**Records supplied**
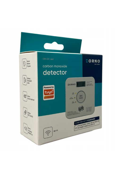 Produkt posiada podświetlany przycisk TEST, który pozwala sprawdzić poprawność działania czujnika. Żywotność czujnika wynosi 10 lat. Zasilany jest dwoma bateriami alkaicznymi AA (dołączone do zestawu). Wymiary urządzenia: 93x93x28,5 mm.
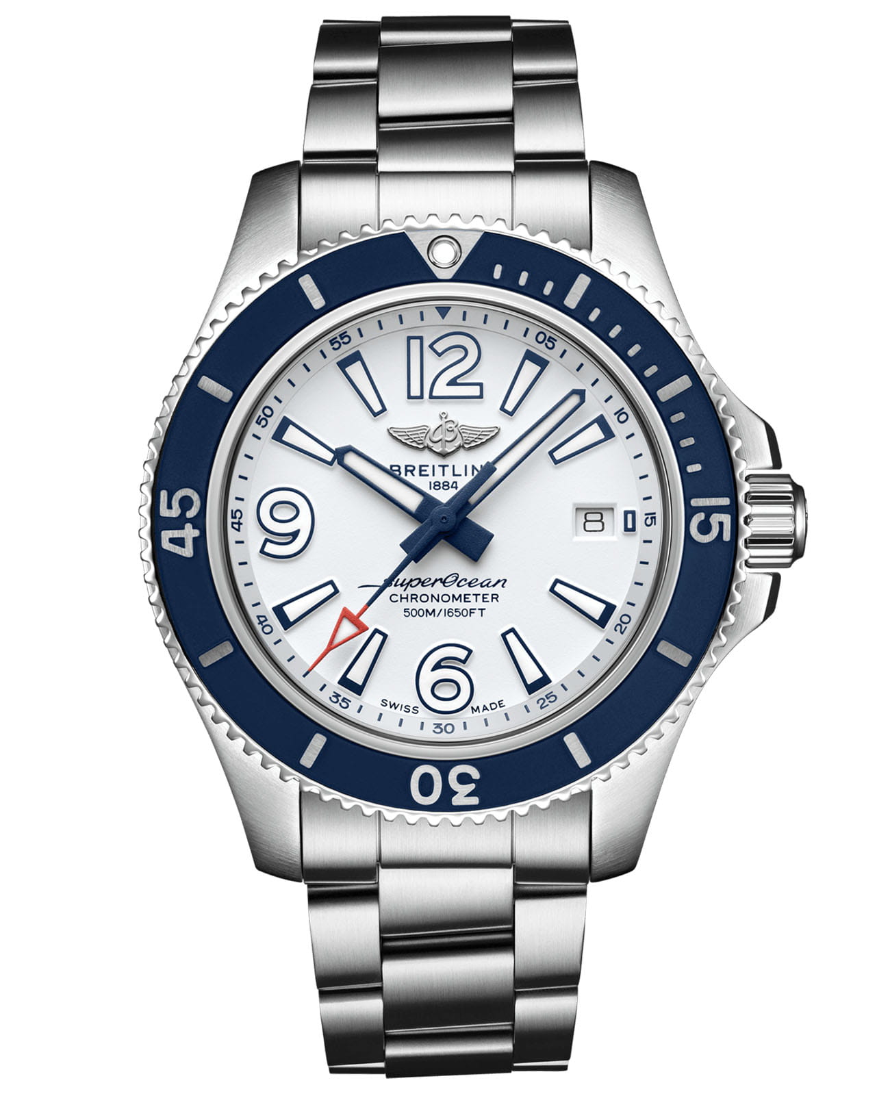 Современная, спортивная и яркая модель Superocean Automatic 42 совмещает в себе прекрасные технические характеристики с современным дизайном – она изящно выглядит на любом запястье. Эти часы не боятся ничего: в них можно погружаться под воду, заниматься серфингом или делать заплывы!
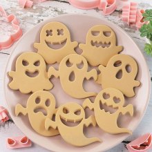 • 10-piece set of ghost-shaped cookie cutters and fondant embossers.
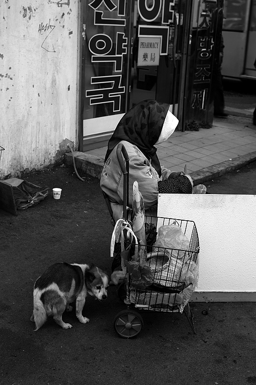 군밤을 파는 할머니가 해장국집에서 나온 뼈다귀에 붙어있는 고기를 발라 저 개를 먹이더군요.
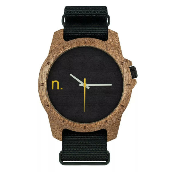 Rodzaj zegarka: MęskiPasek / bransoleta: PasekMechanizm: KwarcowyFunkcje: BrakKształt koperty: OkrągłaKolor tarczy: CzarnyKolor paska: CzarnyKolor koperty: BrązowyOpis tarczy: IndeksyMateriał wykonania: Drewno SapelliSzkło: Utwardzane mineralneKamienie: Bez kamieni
...
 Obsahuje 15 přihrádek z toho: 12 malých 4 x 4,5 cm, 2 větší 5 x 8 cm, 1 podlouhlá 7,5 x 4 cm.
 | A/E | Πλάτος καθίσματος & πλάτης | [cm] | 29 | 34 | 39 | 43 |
...
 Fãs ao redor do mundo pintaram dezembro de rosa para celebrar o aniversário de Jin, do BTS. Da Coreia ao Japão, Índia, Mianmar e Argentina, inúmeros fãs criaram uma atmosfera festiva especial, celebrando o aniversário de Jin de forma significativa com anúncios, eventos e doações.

**To do**
Each line between the one holding "Produkt posiada podświetlany" and the one holding "Rodzaj zegarka: MęskiPasek", inclusive, should be copied exactly as it appears above, and pictures should be omitted.

**Problem solution**
 Produkt posiada podświetlany przycisk TEST, który pozwala sprawdzić poprawność działania czujnika. Żywotność czujnika wynosi 10 lat. Zasilany jest dwoma bateriami alkaicznymi AA (dołączone do zestawu). Wymiary urządzenia: 93x93x28,5 mm.
 Современная, спортивная и яркая модель Superocean Automatic 42 совмещает в себе прекрасные технические характеристики с современным дизайном – она изящно выглядит на любом запястье. Эти часы не боятся ничего: в них можно погружаться под воду, заниматься серфингом или делать заплывы!
 • 10-piece set of ghost-shaped cookie cutters and fondant embossers.
 군밤을 파는 할머니가 해장국집에서 나온 뼈다귀에 붙어있는 고기를 발라 저 개를 먹이더군요.
 Rodzaj zegarka: MęskiPasek / bransoleta: PasekMechanizm: KwarcowyFunkcje: BrakKształt koperty: OkrągłaKolor tarczy: CzarnyKolor paska: CzarnyKolor koperty: BrązowyOpis tarczy: IndeksyMateriał wykonania: Drewno SapelliSzkło: Utwardzane mineralneKamienie: Bez kamieni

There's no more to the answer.